RAW DATA:
+ + + + +
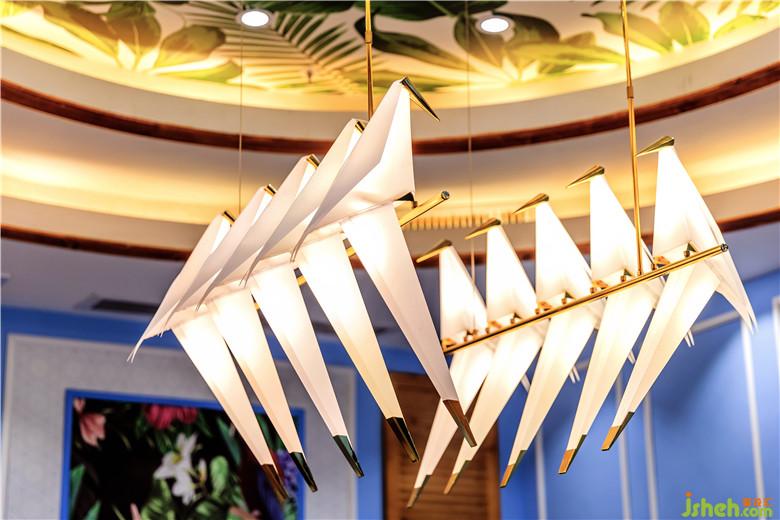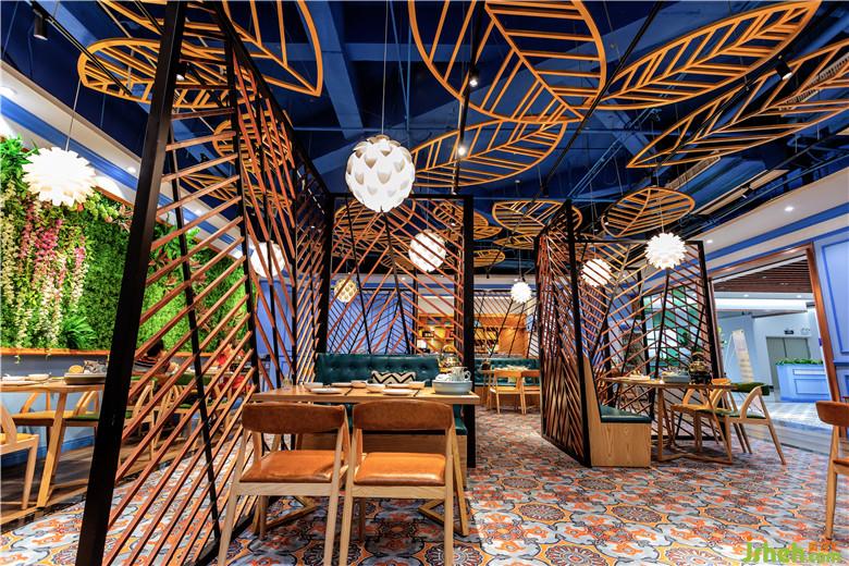為凸顯新派粵菜餐廳的潮流感,設(shè)計(jì)師在該設(shè)計(jì)中以熱帶風(fēng)情為主題
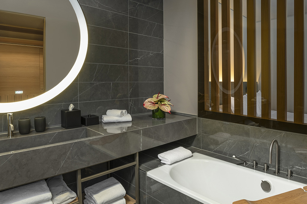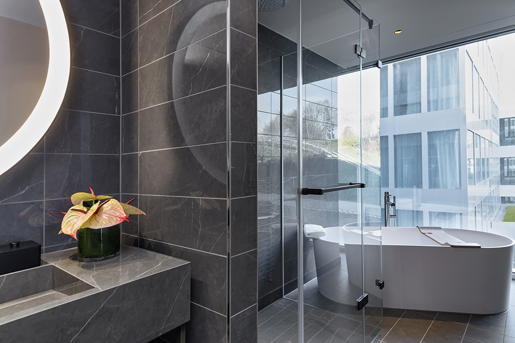 Nebst vielen weiteren Faktoren waren unser international ausgerichtetes Portfolio, die Bereitstellung von individuellen Ausführungen − zum Beispiel in Form der Armaturenbeschriftung gemäss Richtlinien der Hyatt-Gruppe und farbiger Sanitärkeramik für das Hotel Hyatt Regency − sowie die kurze Lieferkette, die einen reibungslosen Einbau garantierte, ausschlaggebend für den Zuschlag.
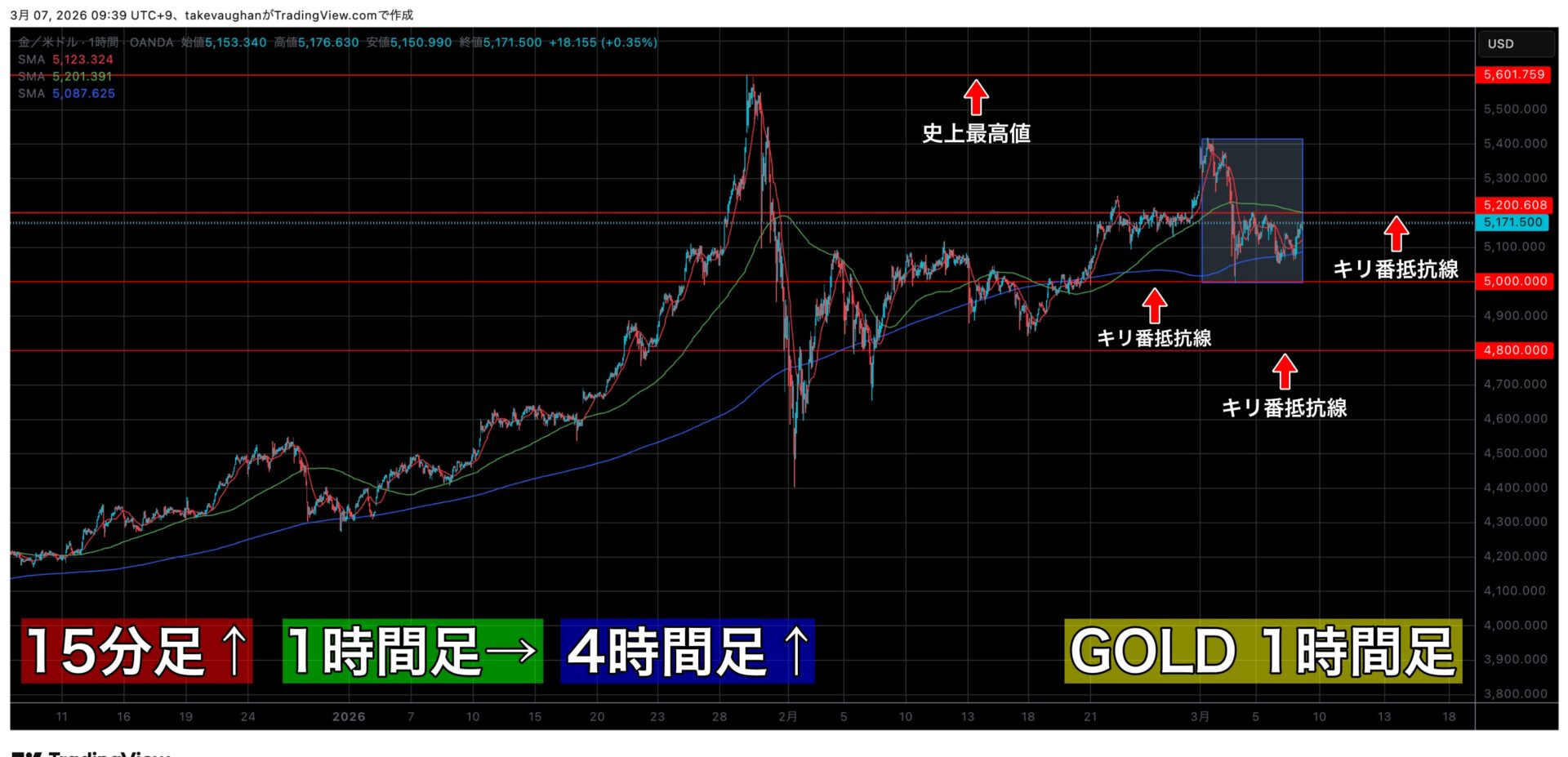 上の画像がゴールドの1時間足の「マルチタイムフレーム分析」を行なったチャートになります。
+ + + + +
EXERCISE:
Everything from the line with "Nebst vielen weiteren" through the last line above must be repeated exactly, except the pictures.

EXERCISE ANSWER:
 Nebst vielen weiteren Faktoren waren unser international ausgerichtetes Portfolio, die Bereitstellung von individuellen Ausführungen − zum Beispiel in Form der Armaturenbeschriftung gemäss Richtlinien der Hyatt-Gruppe und farbiger Sanitärkeramik für das Hotel Hyatt Regency − sowie die kurze Lieferkette, die einen reibungslosen Einbau garantierte, ausschlaggebend für den Zuschlag.
 上の画像がゴールドの1時間足の「マルチタイムフレーム分析」を行なったチャートになります。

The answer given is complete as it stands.